Whenever President Donald Trump rolls out his space policy, along with his pick for NASA administrator, he will have to pass it through Congress. Sen. Ted Cruz, who is working on a new NASA authorization bill, will be one player in that process. Cruz’s fellow Texas, Rep John Culberson, is another. As PBS recently noted, Culberson’s enthusiasms run beyond what one would think would be for a congressman from Houston near where the Johnson Spaceflight Center is located.
Culberson is a big proponent of exploring Europa, the ice-bound ocean Moon Of Jupiter, Europa is thought to harbor an ocean beneath a layer of ice that is warmed by the tidal forces exerted by the gas giant Jupiter.
Many scientists believe that the ocean may harbor alien life. Toward the goal of finding out, Culberson has been campaigning to send a probe to the moon of Jupiter for about a decade.

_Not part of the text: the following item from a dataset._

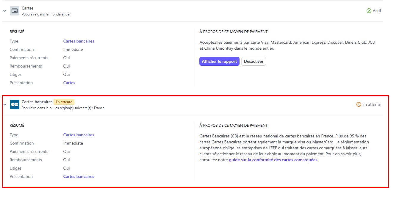 Après, même si vous êtes en mode "paiement intent", il peut y avoir des choses à activer du côté de Stripe (et donc pas dans le plugin, vraiment dans votre compte Stripe).

Culberson started to get results when he became the chair of the House appropriations subcommittee that funds NASA. The Europa Clipper is now on NASA’s manifest to be launched on board a heavy-lift Space Launch System rocket in the early to mid-2020s. A Europa lander is also scheduled, but the Trump administration is trying to cancel that mission.
Europa is not the only “ocean world” of the outer solar system. Enceladus, a Moon Of Saturn, is another ice-bound world with an ocean beneath. Titan, another moon of Saturn, has oceans of liquid ethane and methane.

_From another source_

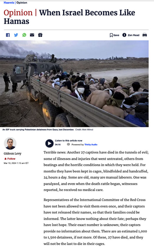 Dieser Bericht hätte auch in Israel Besorgnis über das Schicksal seiner eigenen Gefangenen aufbringen müssen. Was werden die Hamas-Jungwärter denken und tun, wenn sie hören, wie ihre Kameraden und Landsleute behandelt werden? Die Familien der Geiseln hätten die ersten sein sollen, die gegen die Behandlung der palästinensischen Gefangenen ausrufen, zumindest aus Sorge um das Schicksal ihrer Angehörigen, wenn nicht aus dem Wissen, dass ein Staat, der Gefangene so behandelt, moralische Grundlage für seine Forderungen verliert, dass seine eigenen Gefangenen in feindlichen Händen menschlich behandelt werden.

Pluto, which was recently visited by the New Horizon space probe, is thought to have an interior ocean as well.
Much of the discussion of Trump’s coming space policy consists of the question of whether to continue directly going to Mars or to return to the moon first, with indications that the latter is favored. But for any space policy to gain the approval of Culberson, is is going to have to contain an active ocean worlds exploration element.
Any space policy is going to have to accommodate a number of interests, of which Culberson’s is one.
Sometime within the next ten years, if all goes well, people on Earth will receive images and video of the strangest alien landscape that has ever been visited by either robot or human, an ice-bound landscape that resembles the ninth circle of Hell as imagined by Dante.
Because of the intense radiation environment of that part of Jupiter space, humans will not be visiting Europa for a long time. But even before that, the discoveries that may be made could profoundly change how we view our place in the universe.